------ RECORDS PROVIDED

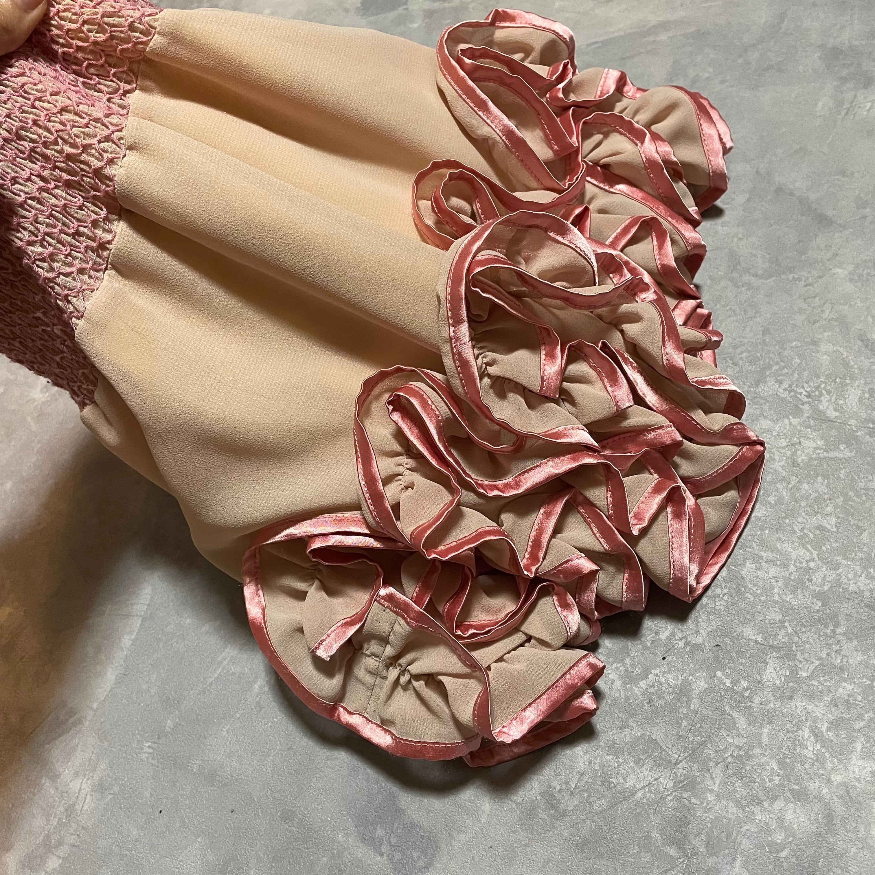 pinkのリボンがアクセントになったフリルのキュロットスカート
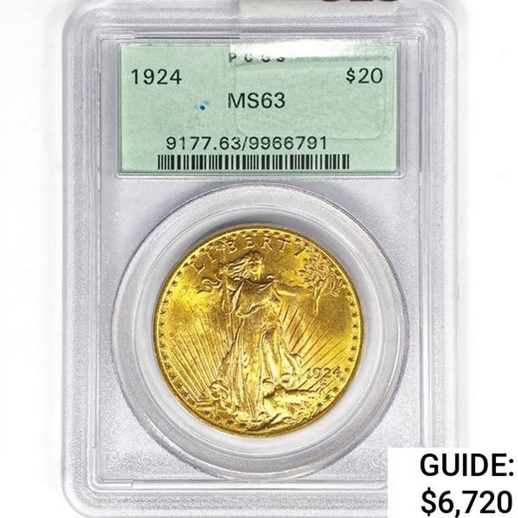 1924 $20 Gold Double Eagle PCGS MS63
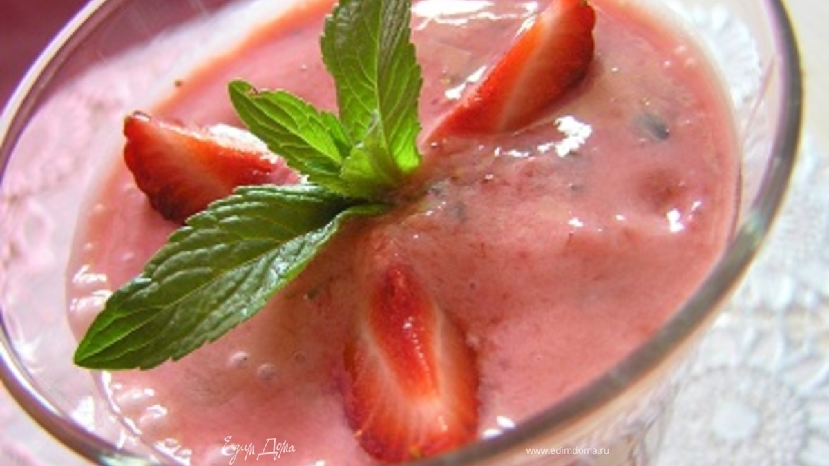 Разлить по бокалам, украсить клубникой и веточкой мяты.
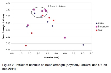 Industry testing in soft rock applications has indicated that the optimal annulus range to maximize the bond strength of conventional ribbed bolts lies between 2.5 mm and 4.5 mm, as illustrated in Figure 2 (Canbulat et al., 2015; Mark et al., 2003). Laboratory testing using internally threaded pipes, which approximate hard rock applications, has confirmed that the optimal annulus for resin bolting is approximately 24 mm (Snyman, Ferreira, and O'Connor, 2011).
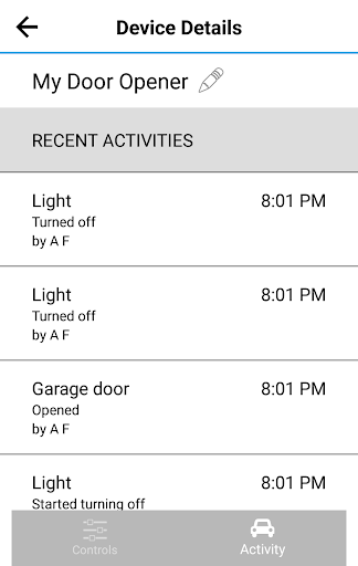 Tidak perlu risau lagi adakah pintu garaj anda ditutup.Aplikasi Amarr Entrematic Garage Door Controller memberitahu anda tentang siapa yang mengendalikan pintu garaj dan lampu pintu garaj anda dan bila, menjejaki sejarah aktiviti pintu garaj untuk keselamatan anda.
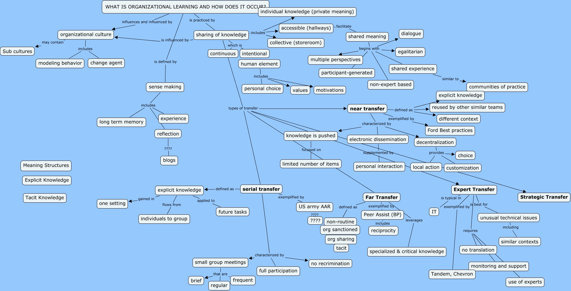This Concept Map, created with IHMC CmapTools, has information related to: Organizational Learning 2011 Karen and Carrie, shared meaning begins with multiple perspectives, organizational culture may contain Sub cultures, reflection ???? blogs, sharing of knowledge includes accessible (hallways), shared meaning begins with egalitarian, accessible (hallways) facilitate shared meaning, sharing of knowledge which is continuous, human element includes values, near transfer characterized by knowledge is pushed, sharing of knowledge includes collective (storeroom), organizational culture includes change agent, decentralization provides customization, Far Transfer exemplified by Peer Assist (BP), small group meetings that are frequent, sense making includes reflection, shared experience similar to communities of practice, shared meaning begins with shared experience, Expert Transfer exemplified by Tandem, Chevron, Far Transfer leverages specialized & critical knowledge, decentralization provides local action
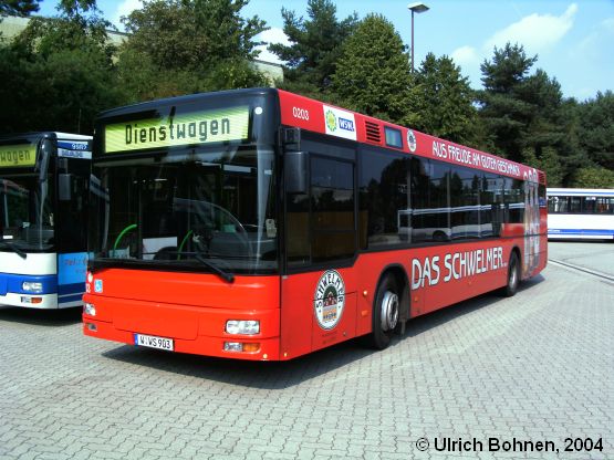 Auf dem Betriebshof abgestellt war u. a. dieser MAN A 21 (NL 263) der WSW. Wagen 0203 trägt die im Bergischen Land recht weit verbreitete Vollwerbung für das Schwelmer Bier.
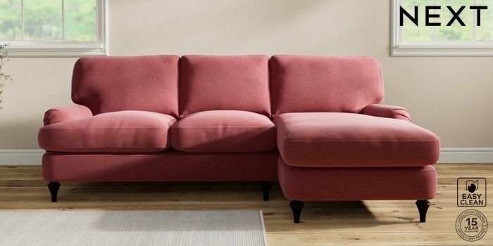 7.0.3 Buy Sadie Deep Relaxed Sit Medium Sofa Chaise - Right Hand Fine Chenille Easy Clean Mid Pink High Slim Turned - Dark from the Next UK online shop Click here to use our accessible website
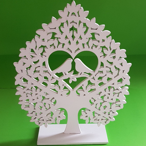 DRZEWKO drewniane białe dekoracyjne 22 cm stojące na podstawce z PTAKAMI
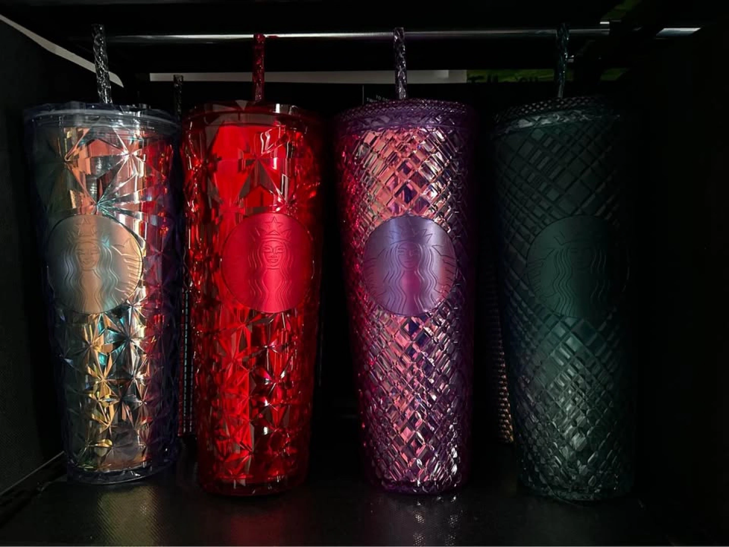 Collection of Starbucks cold cups. Various colours and designs available. Perfect for your favourite cold beverage. Check images for details.
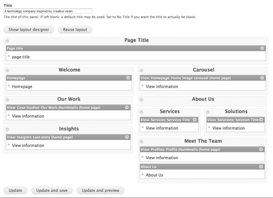 Figure 4. Panels Drupal Module Administration Screen for Content

------------

• _DIRECTIONS FOR THIS TASK_:
All of the entries above need to be transcribed exactly, except for the pictures.

• _EXPECTED ANSWER_:
 pinkのリボンがアクセントになったフリルのキュロットスカート
 1924 $20 Gold Double Eagle PCGS MS63
 Разлить по бокалам, украсить клубникой и веточкой мяты.
 Industry testing in soft rock applications has indicated that the optimal annulus range to maximize the bond strength of conventional ribbed bolts lies between 2.5 mm and 4.5 mm, as illustrated in Figure 2 (Canbulat et al., 2015; Mark et al., 2003). Laboratory testing using internally threaded pipes, which approximate hard rock applications, has confirmed that the optimal annulus for resin bolting is approximately 24 mm (Snyman, Ferreira, and O'Connor, 2011).
 Tidak perlu risau lagi adakah pintu garaj anda ditutup.Aplikasi Amarr Entrematic Garage Door Controller memberitahu anda tentang siapa yang mengendalikan pintu garaj dan lampu pintu garaj anda dan bila, menjejaki sejarah aktiviti pintu garaj untuk keselamatan anda.
This Concept Map, created with IHMC CmapTools, has information related to: Organizational Learning 2011 Karen and Carrie, shared meaning begins with multiple perspectives, organizational culture may contain Sub cultures, reflection ???? blogs, sharing of knowledge includes accessible (hallways), shared meaning begins with egalitarian, accessible (hallways) facilitate shared meaning, sharing of knowledge which is continuous, human element includes values, near transfer characterized by knowledge is pushed, sharing of knowledge includes collective (storeroom), organizational culture includes change agent, decentralization provides customization, Far Transfer exemplified by Peer Assist (BP), small group meetings that are frequent, sense making includes reflection, shared experience similar to communities of practice, shared meaning begins with shared experience, Expert Transfer exemplified by Tandem, Chevron, Far Transfer leverages specialized & critical knowledge, decentralization provides local action
 Auf dem Betriebshof abgestellt war u. a. dieser MAN A 21 (NL 263) der WSW. Wagen 0203 trägt die im Bergischen Land recht weit verbreitete Vollwerbung für das Schwelmer Bier.
 7.0.3 Buy Sadie Deep Relaxed Sit Medium Sofa Chaise - Right Hand Fine Chenille Easy Clean Mid Pink High Slim Turned - Dark from the Next UK online shop Click here to use our accessible website
 DRZEWKO drewniane białe dekoracyjne 22 cm stojące na podstawce z PTAKAMI
 Collection of Starbucks cold cups. Various colours and designs available. Perfect for your favourite cold beverage. Check images for details.
 Figure 4. Panels Drupal Module Administration Screen for Content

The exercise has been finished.